He told that when we were kids, if we remember back then, he left for days. He filled a sako bag with bird's nests and got to hunt a lot of pinget on his way back home. He excitedly left for the city to sell them. Mind you, the fare costed much back then for transportation was also expensive. Not much people could travel on a return trip.
When he got to the city, he reached out to a well-known restaurant to trade his game. He was offered 3000 pesos for the sako bag of bird's nest and the collection of pinget combined. That was too little. Too less than the "fortune" he was aiming to get for. Since he was already there, he took the money and left, went back home to us.
He said to me that night, he wouldn't have traded the game for 3000 pesos but at that time, the only money he had was his fare to come home and food allowance. Imagine the effort to climb for the nests, the risk to hunt for the birds since he might get mistaken as a communist (even if what he's using is an airgun). He remembered how our mother wasn't even close to fifty percent supportive of the idea of him leaving home for days to hunt pinget and bird's nests. But she said nothing when he came back home fine and - being the happy person he is, smiling.

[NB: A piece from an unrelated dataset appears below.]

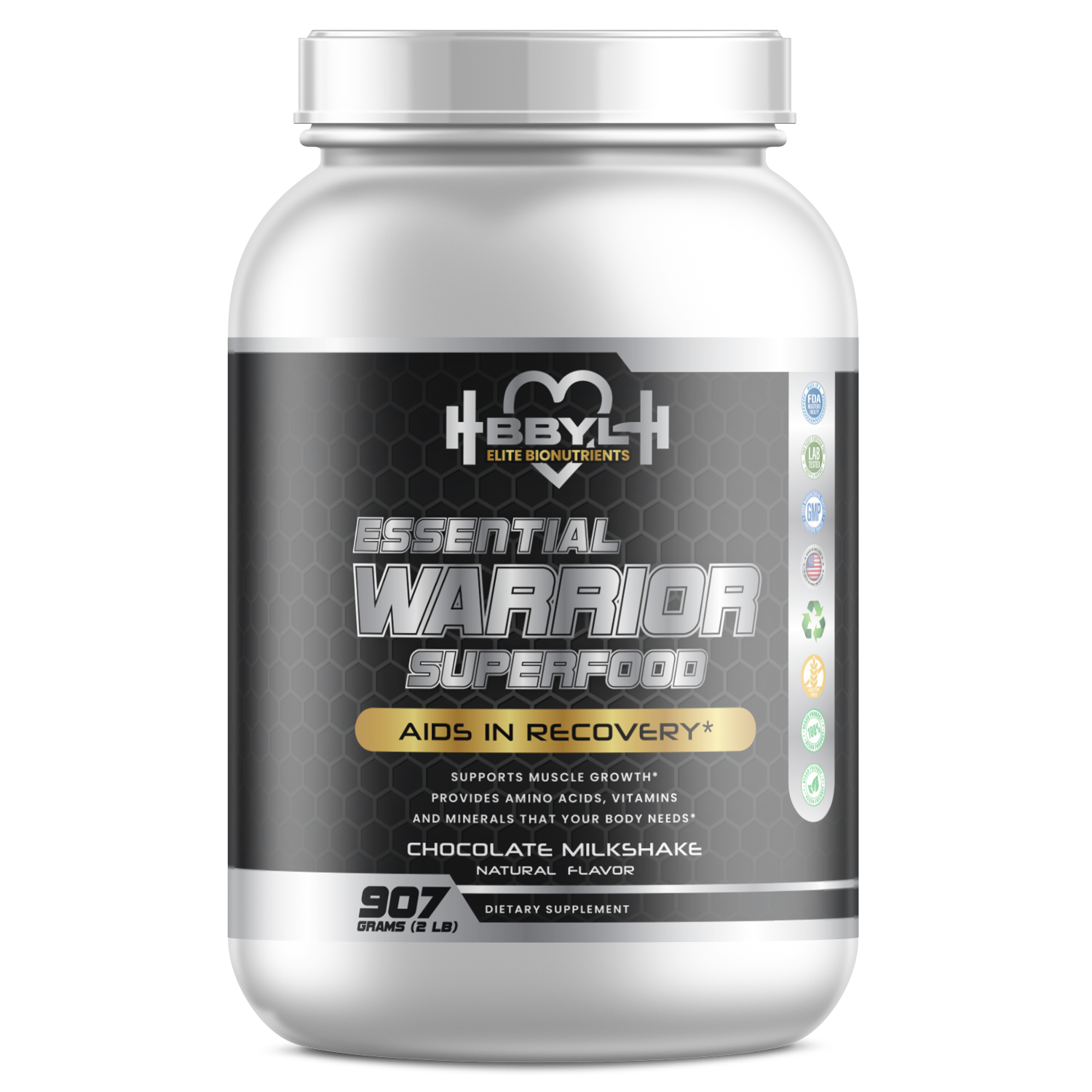 Essential Warrior Superfood is formulated to support muscle growth, immunity, digestive health, increase satiety, increase fat burning, and boost metabolic rate. Our product is synthesized utilizing the latest scientific research and formulated with high quality ingredients. Our formula provides a plant-based source of protein that contains all the essential and branched-chain amino acids with an amino acid profile similar to whey protein. Our Vegan protein contains a super fruit antioxidant blend in a delicious chocolate flavor! Our formula is third party independently tested for heavy metals, impurities, made in the USA, GMP certified, and produced in an FDA registered facility. 1% of the supplements on the market can match our world class standards. |

That very night of last year, I felt that "kurot sa puso" (literally translated: pinch on the heart). Big dreams, small town. I wanted to blame the show he watched for giving him high hopes. The media overhyped their stories, of course, to get viewers to watch their shows. I was so mad at myself for being a stubborn child. The risky things he had to go through because he wanted so much for us...
I couldn't blame my father for believing in a fortune after watching that damned TV show. What were the odds agpayso, noh? Now I'm living in the city, getting to taste the bird's nest soup at different food places. After that night, I decided not to like bird's nest soup. But then, that was some story. When he narrated that part of his life, it felt like he never got to talk about it, maybe out of shame- that people would laugh at his desperate attempt. But of course, being an optimistic person (sometimes), he would laugh at it. What is life without little adventures?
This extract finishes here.